O'BRAIEN: It's a Dell, limited ship, though.

LEE: Need to be...

O'BRIEN: Look, there's no battery in it. It's actually quite convenient, it's not going to go on fire, I think, folks, yes.

LEE: Well some of them could.


LEE: This is a big problem for Dell. Dell recalling 4.1 million notebook computers because some of them have a Sony battery that is at risk of catching fire. So we're talking about Dell's Latitude, Inspiron and XPS models here. Any models shipped between April 1 of 2004 and July 18 of this year potentially at risk. Now Dell has set up a Web site.

O'BRIEN: And this is not an April fool's joke.

LEE: No, no.

O'BRIEN: Even though it's April 1 of 2004.

LEE: This is a very serious...

O'BRIEN: This is for real. OK. All right.

LEE: This is a very serious story. O'BRIEN: Just checking.

LEE: Don't mean to laugh.

O'BRIEN: Yes. Yes.

LEE: But the Web site Dell has set up,, or you can call 866-342-0011. Dell says this has happened only in rare cases. But still, take a look at some of these photos. If you think your laptop may be at risk, well certainly don't want to mess around.

COSTELLO: Can you imagine using your laptop and it suddenly bursts into flames.

LEE: And it suddenly starts crackling and bursts into flames. That's what's happening.

COSTELLO: That's crazy.

LEE: And the problem here, let's be clear, is really with the Sony battery; but of course Dell and Sony working together to make people aware of this potentially very serious problem.

O'BRIEN: And it'll keep you off those shady Web sites, if you know what I mean, a message from god or something.

All right, what else have you got?

LEE: All right, a quick check on the markets. Looking like a bit of a bullish start for today's session, this after slight gains yesterday. The Dow had been higher by about 115 points but a lot of inflation concerns weighing on investors' minds towards the end of the session. Today we will get a look at wholesale prices, tomorrow consumer prices and these are indicative potentially of inflation. So that is really what Wall Street is going to be paying attention to for the next few days. That's the latest.

O'BRIEN: Thank you, -- Carrie Lee.


O'BRIEN: See you a little bit later.

The morning's top stories are straight ahead, including on the money trail in that British terror plot. It begins, believe it or not, in the rubble of last year's earthquake in Pakistan and it ends up helping potential terrorists. We'll explain.
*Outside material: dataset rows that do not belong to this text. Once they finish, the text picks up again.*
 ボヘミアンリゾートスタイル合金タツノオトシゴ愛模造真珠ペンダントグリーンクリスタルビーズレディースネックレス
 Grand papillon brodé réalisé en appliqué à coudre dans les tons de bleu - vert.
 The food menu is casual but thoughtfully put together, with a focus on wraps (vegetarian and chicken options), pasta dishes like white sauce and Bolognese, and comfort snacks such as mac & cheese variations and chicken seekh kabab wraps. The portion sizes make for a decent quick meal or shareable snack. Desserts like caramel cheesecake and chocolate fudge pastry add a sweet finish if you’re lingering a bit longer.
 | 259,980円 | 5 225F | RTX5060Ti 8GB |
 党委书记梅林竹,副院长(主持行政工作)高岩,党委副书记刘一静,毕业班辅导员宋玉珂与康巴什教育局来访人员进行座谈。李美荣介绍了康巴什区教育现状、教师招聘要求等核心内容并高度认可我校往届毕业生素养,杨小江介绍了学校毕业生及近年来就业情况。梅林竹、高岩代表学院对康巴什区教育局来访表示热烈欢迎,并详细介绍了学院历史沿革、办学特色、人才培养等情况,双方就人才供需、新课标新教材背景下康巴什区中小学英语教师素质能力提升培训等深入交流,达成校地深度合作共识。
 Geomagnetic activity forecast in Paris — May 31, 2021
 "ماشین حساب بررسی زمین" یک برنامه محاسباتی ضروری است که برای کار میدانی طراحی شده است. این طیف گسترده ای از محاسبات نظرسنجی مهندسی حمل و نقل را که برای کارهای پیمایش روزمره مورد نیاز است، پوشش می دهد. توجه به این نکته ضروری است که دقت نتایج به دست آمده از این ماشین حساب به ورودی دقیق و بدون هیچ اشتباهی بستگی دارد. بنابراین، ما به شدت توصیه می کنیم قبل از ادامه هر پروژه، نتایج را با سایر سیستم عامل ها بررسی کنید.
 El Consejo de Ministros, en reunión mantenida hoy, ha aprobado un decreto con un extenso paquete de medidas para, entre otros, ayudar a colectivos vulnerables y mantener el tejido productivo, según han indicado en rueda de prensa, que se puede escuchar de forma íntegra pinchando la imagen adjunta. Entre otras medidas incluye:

Plus, President Bush in the war on terror, why hundreds of U.S. troops are now heading back to Iraq. Live reports coming up on AMERICAN MORNING.


O'BRIEN: Happening this morning. Israeli troops have started pulling out of Lebanon. An Israeli official says the Lebanese Army and U.N. forces will be deployed to the area in the coming days.

British investigators given another day to hold 22 suspects in that alleged plot to blow up jetliners over the Atlantic. The warrant extended until tomorrow. Two arrested in the case already have been released.

And in China, the death toll from last week's devastating typhoon now 295. The typhoon was the strongest to hit southeastern China in 50 years.